NuPIC implemented a model that mimic the core behaviour brain respond to universal inputs.

presume that all things well done, then we got a system which could respond to sensor input, yet passive, for the system lack it’s own motive.

pains and desires are the compelling force which droves livings to act.

so i build a testcase called snake game which introduced pain & desire in the system, hope it could help the snake adjust its act to get desire fulfilled and least pain.

in the game, the snake move around in an square splited into grids , within which food emerges randomly.if the snake catch the food, it’s desire score goes high, and if hit the wall, it feel pain. the vision, pain, desire, and direction control could be easily encoded into SDRs.

under this prediction, the system should evolve the snake to a food hunter, which expound a complete machine intelligence who would adapt to environment and avoid danger and pursue it’s own desire.

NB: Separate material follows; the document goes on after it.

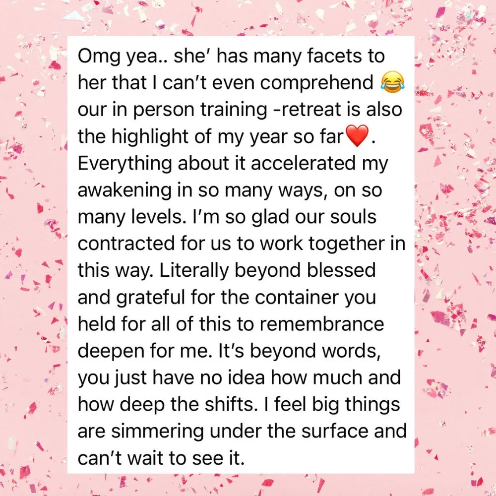 Between 2023-2025, this training was also called the Kundalini Codes Activation (KCA) Facilitator Training, when the focus was more on the frame of Kundalini activation 🥰

i’ve been work around with NuPIC for several days, still couldn’t figure out how to endow the snake to act based on the vision pain and desire it sensed, any suggestions?

Bellows are python scripts to illustrate the idea.

https://pypi.python.org/pypi/snake_nupic

3 Likes

The problem that you’re describing is a sensorimotor and goal-oriented behavior problem.

Sensorimotor means that the snake must model changes that it observes that are caused by its own actions, as opposed to external changes that it passively observes.

Goal-oriented behavior means the snake must additionally drive motor commands in pursuit of some goals. In your case, there are positive and negative signals and the snake must learn to drive sequences of motor commands to get to the positive rewards.

NuPIC does not currently have models for sensorimotor or goal-oriented behavior. Numenta and others are actively working on advancing HTM theory and extending our understanding to include these components of cortical function.

If you don’t want to wait do theory advanced that could take years, there are some ways to set up models to solve the snake problem. You can try using the experimental sensorimotor model in nupic.research:
https://github.com/numenta/nupic.research/blob/master/htmresearch/algorithms/TM_SM.py

We can’t provide support for that code and we will be changing it substantially in the future but you can try it out. You can search that repository for example code that uses it. The idea would be to learn a sensorimotor representation of your grid world and then when you want to drive behavior you can simulate different motor sequences and look at the predictions.

4 Likes

Sounds like a worthy experiment.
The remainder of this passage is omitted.